Records for the task
• • • • •

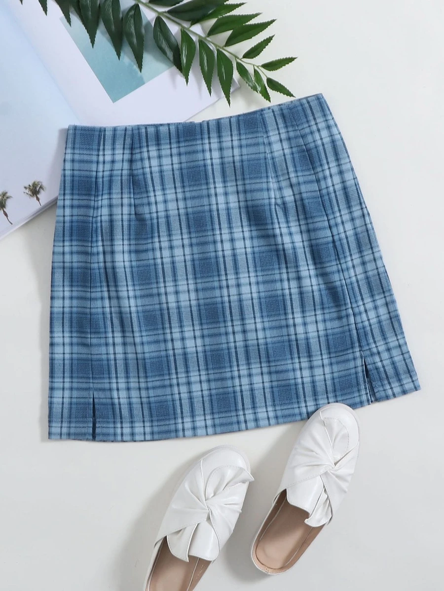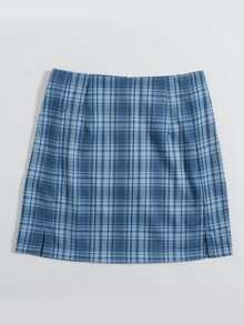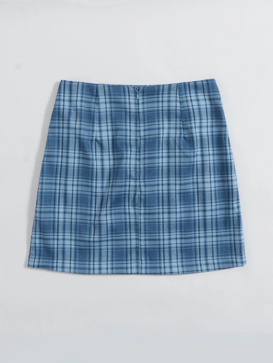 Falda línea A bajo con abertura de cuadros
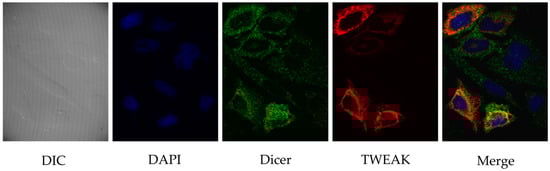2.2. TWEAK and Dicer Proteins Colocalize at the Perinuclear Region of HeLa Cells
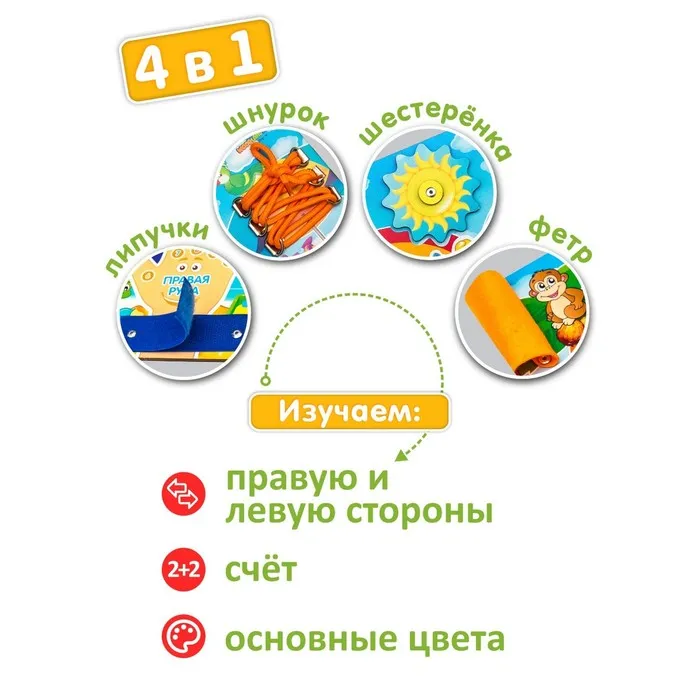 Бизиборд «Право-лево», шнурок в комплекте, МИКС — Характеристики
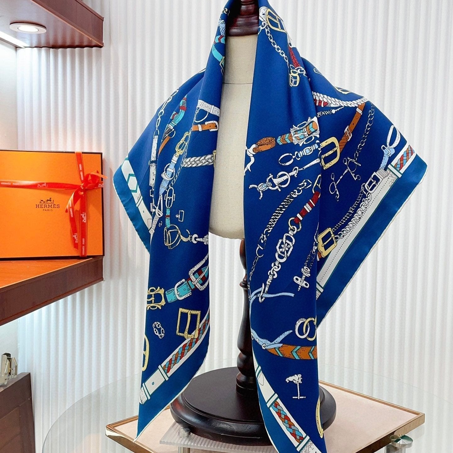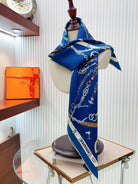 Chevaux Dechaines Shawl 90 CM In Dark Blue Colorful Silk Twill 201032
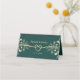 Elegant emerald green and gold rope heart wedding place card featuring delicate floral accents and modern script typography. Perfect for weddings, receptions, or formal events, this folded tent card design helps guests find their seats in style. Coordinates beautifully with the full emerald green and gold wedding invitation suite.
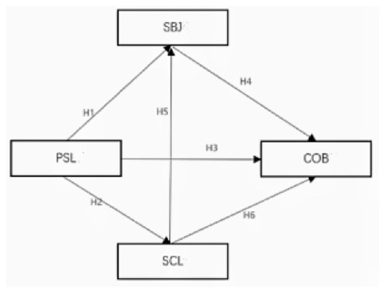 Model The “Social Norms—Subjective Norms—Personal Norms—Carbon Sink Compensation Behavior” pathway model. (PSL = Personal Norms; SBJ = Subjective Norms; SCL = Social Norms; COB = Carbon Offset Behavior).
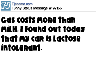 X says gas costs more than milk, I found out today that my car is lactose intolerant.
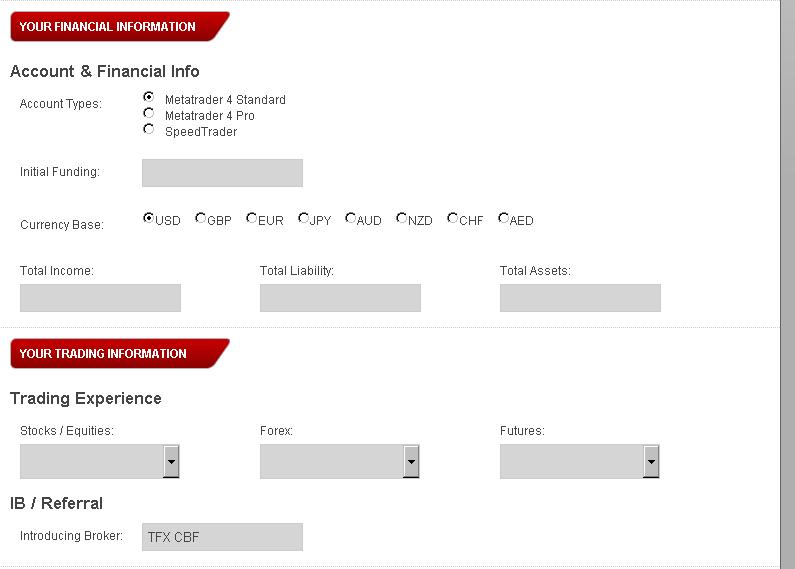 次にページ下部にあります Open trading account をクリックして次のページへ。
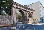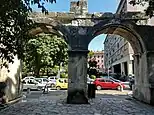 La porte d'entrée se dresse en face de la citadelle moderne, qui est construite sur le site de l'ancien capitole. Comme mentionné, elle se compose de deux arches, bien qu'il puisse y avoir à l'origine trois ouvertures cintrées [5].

• • • • •

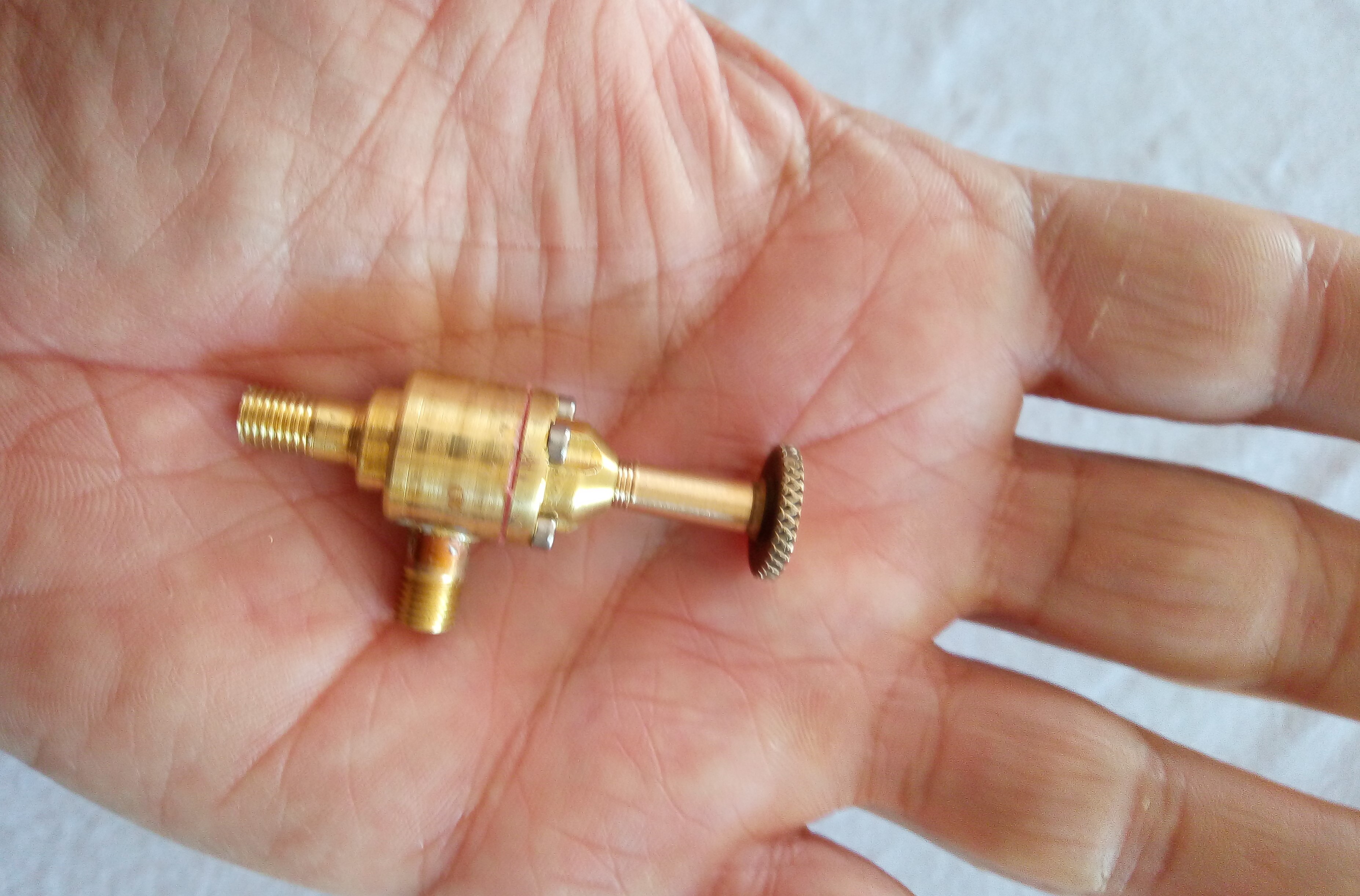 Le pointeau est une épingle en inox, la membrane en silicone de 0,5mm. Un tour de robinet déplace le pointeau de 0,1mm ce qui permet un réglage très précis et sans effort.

• • • • •

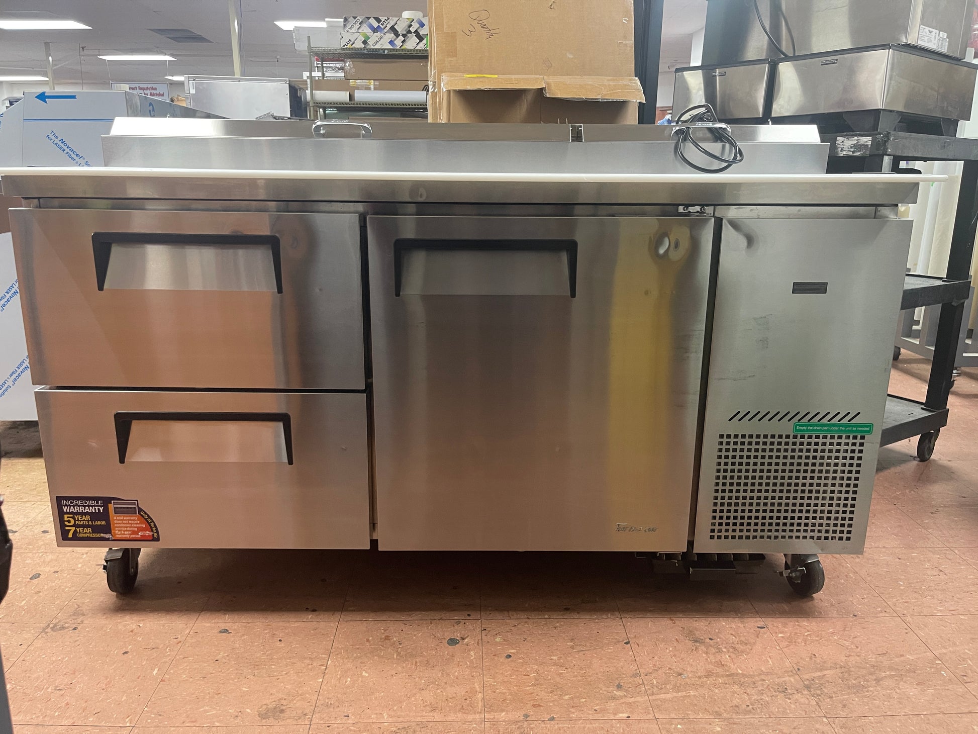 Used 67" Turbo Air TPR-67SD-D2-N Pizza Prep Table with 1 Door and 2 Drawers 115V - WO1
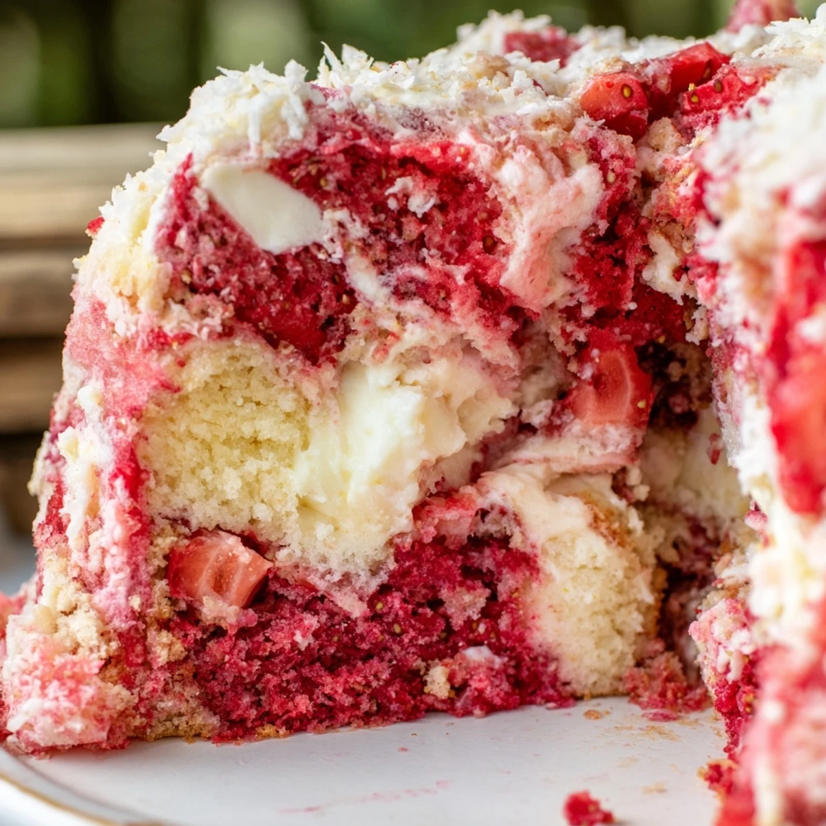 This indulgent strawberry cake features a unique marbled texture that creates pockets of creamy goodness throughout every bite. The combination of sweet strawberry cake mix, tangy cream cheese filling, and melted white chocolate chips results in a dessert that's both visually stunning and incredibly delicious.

• • • • •

Instructions to follow
Write out the lines above from the one with "X says gas costs" through the one with "次にページ下部にあります Open trading", ends included, exactly; no picture goes in.

Answer to the exercise
 X says gas costs more than milk, I found out today that my car is lactose intolerant.
 次にページ下部にあります Open trading account をクリックして次のページへ。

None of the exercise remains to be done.